BERITA JAKARTA – Presiden Joko Widodo (Jokowi) menghadiri pengukuhan, K.H. Asep Saifuddin Chalim sebagai guru besar bidang sosiologi di Universitas Islam Negeri (UIN) Sunan Ampel. Acara pengukuhan berlangsung di Gedung Sport Center UIN Sunan Ampel, Kota Surabaya, Jawa Timur, Sabtu (29/2/2020).

Dalam sambutannya, Presiden menyampaikan selamat atas pengukuhan tersebut. Menurutnya, guru besar adalah bentuk pengakuan akademik tertinggi atas kontribusi, K.H. Asep dalam mengembangkan studi Islam dan dalam mengembangkan model pendidikan yang inovatif untuk membangun umat dan membangun bangsa.

“Saya mengikuti terus perjuangan beliau, Bapak Kiai Asep, dalam mengembangkan dan mewujudkan manusia unggul dan berakhlakul karimah. Bukan hanya melalui pemikiran-pemikiran yang beliau sampaikan di banyak kesempatan, tetapi yang lebih penting lagi adalah melalui kiprah dan karya yang beliau ciptakan,” kata Presiden.

Salah satu karya tersebut yaitu buku berjudul “Aswaja”, yang menurut Presiden merupakan sebuah buku yang sangat apik yang menekankan pentingnya pendidikan keagamaan yang benar dalam keluarga. “Supaya kita terhindar dari pemikiran dan kepercayaan yang menyimpang di tengah derasnya arus informasi dan perkembangan teknologi saat ini,” imbuhnya.

Perkembangan dunia saat ini, lanjut Kepala Negara, tidak hanya mempengaruhi perilaku keagamaan seseorang, tetapi juga berpengaruh pada kepercayaan seseorang pada sebuah sistem ideologi, tata negara dan kehidupan sosial kita. Saat ini gerakan-gerakan ekstremis muncul yang bahkan memicu peperangan dan konflik di beberapa negara.

“Di sinilah pendidikan moderasi yang dianut warga NU dan yang dikembangkan Kiai Asep sangat relevan untuk kita aplikasikan,” ungkapnya.

Pendidikan moderasi tersebut ialah pendidikan yang mengusung nilai dan karakter tawassuth (bersikap moderat), tawazzun (bersikap seimbang), i’tidal (bersikap adil), dan tasamuh (bersikap toleran).

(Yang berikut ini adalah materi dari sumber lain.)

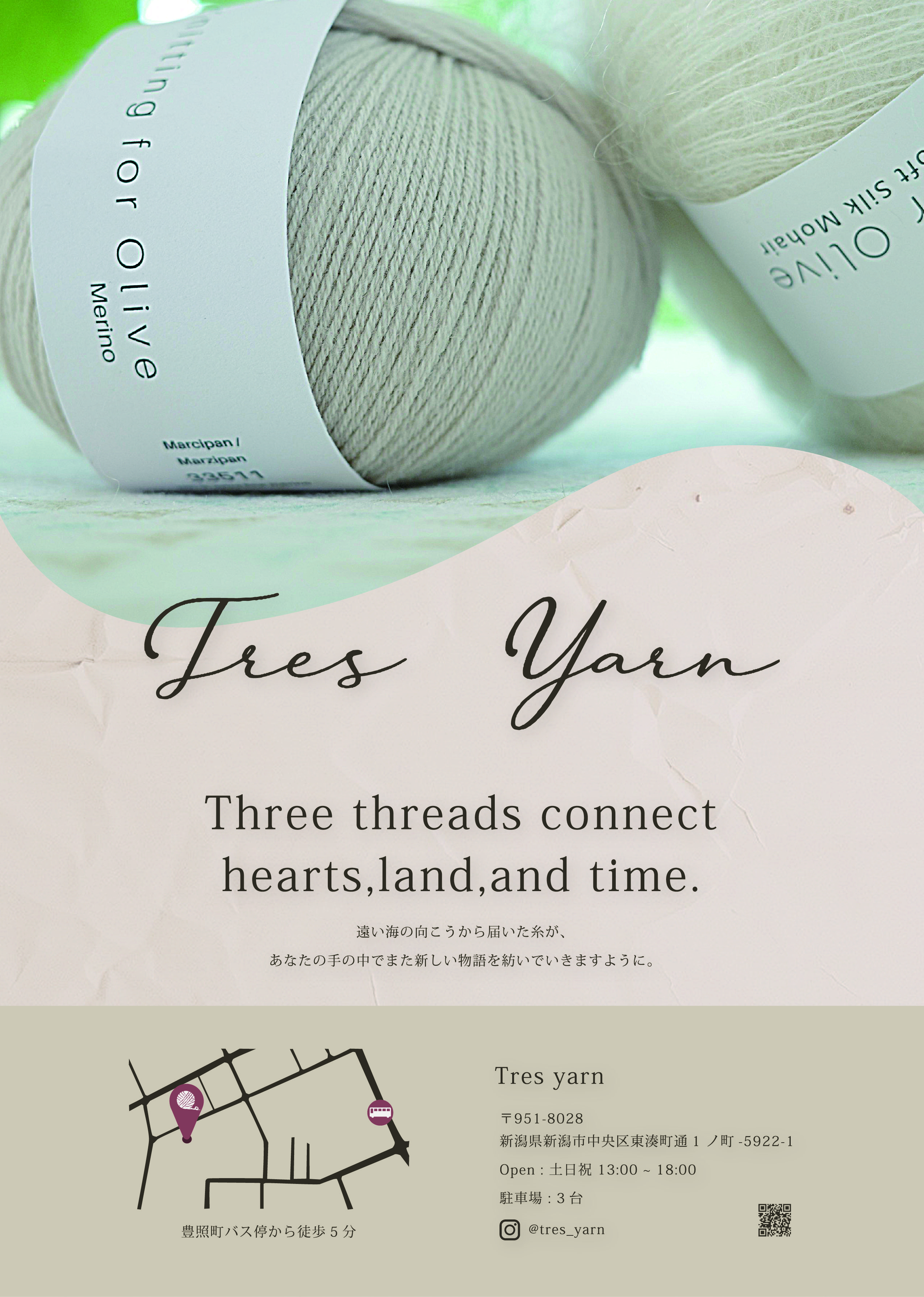 新潟に実在する海外毛糸販売店 「Tres Yarn」を題材にしたチラシデザイン (個人制作)。

Presiden memandang, nilai-nilai dan karakter tersebut menjadi kekuatan pendidikan dalam menjaga Pancasila dan kedaulatan Negara Kesatuan Republik Indonesia, merawat persatuan dan kesatuan bangsa, serta membangun masyarakat yang madani.

“Saya juga menyaksikan kiprah dan karya nyata Kiai Asep di masyarakat. Bapak Kiai membangun Pesantren dari nol sampai menjadi Pesantren besar seperti sekarang ini, Pesantren Amanatul Ummah di Siwalankerto dan di Pacet. Saya pernah kesana, dan sekarang informasi yang saya dapatkan sudah memiliki lebih dari 10 ribu santri,” paparnya.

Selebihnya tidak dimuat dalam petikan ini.